The Ceriatone DC30 Lives!!!
I received the few small part I needed to finish the Ceriatone DC30 last night, so after getting the kids to bed I fired up my soldering station and set to work. I thought it would be a simple matter of soldering the wires onto the half-power switch, soldering in the 68 ohm 10 watt power resistor and hooking up the B+ from the filter caps to the output transformer. It wasn’t quite that simple. I had left a bit too much of the leads from the 16/8/4 ohm taps on the output transformer to the impedance selector switch, so I had to redo those connections, and I wasn’t happy with the wiring from the impedance selector to the speaker polarity switch, so I redid that as as well. There were I a few other connections wanted to change as well, so I probably spent two hours finishing things up and another hour going over the layout and connections to make sure I had everything done right.
By this time it was around midnight and I should have gone to sleep. Did I? Nope, I put some tubes in and checked voltages. The 6.3V heaters were fine, as expected, but the B+ was a bit higher than I anticipated—about 360V rather than the 325V I thought I would see. Interestingly, switching the amp from full- to half-power dropped the B+ from 360V down to 350V. Still a bit high, I think, so I’m going to check with Nik to see what I should expect and then go back over everything with a second, third and fourth time.

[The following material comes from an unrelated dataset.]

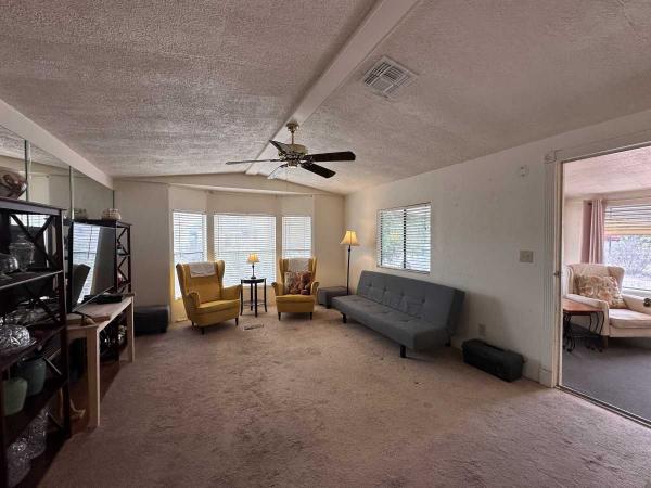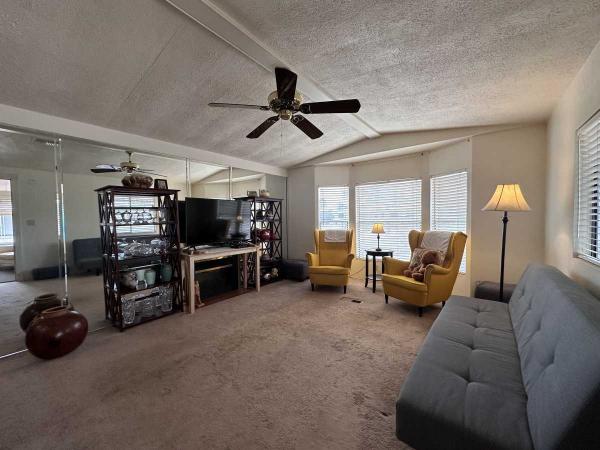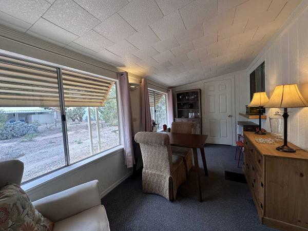 Set on a large lot to the front of community. Long driveway allowing for extra guest parking or vehicles. Bright front living room layout with cathedral ceilings. There is an addition that can be used as an office or living space as it is ducted for heat and air. Technically a one bedroom one bath yet there is a central den space that easily fits a bed and a closet could be built in to make it a second bedroom. Master can fit a king sized bed and has built in dresser drawers with extra storage. 2016 Central A/C and furnace. Upgraded Shower Kit, newer refrigerator, newer water heater, newer exterior paint. Call JUSTIN DEMPSEY today and make an offer on this excellent value in Desert Pueblo!

And, of course, I couldn’t help myself… I had to plug in a guitar to see what would happen. I grabbed the Weddington and a guitar cable, plugged into the clean channel with all the controls set to 0 and slowly brought the volume and master volume up. Guess what, the amp came alive! I found out very quickly that the master volume had to be pulled out to be engaged; with it disengaged, the amp is damn loud, even with the channel volume barely cracked. The clean channel was clean, though it would get some hair if the channel volume was cranked, and the gain channel was, well, higher gain. It wasn’t Marshall crunch, but I could get some good Voxy gain tones even without spending too much time tweaking the settings. It was also after 1:00 am and my wife, patient though she is, didn’t want me to wake the kids—or the neighbors—with the amp dimed.
Now I can see why so many people on The Gear Page have commented that Matchless DC30s aren’t bedroom amps. This is a massively loud amplifier. The master and channel volumes helped keep it manageable for basement levels, but it’s too loud for late night practicing. I found that the master volume is touchy at lower settings, so I was using the channel volume to control the amp. Power scaling or an attenuator is definitely required to use this as a late night practice amp.
Problems? Aside from the higher than anticipated B+, it seems to be working. I did notice that when the master volume disengaged, or cranked, the amp hums a bit. This may be due to the high B+, or it may be due to how I routed some of the wires in the output stage. I’ll figure it out. Regardless, with the master turned down, the amp was fairly quiet though not silent.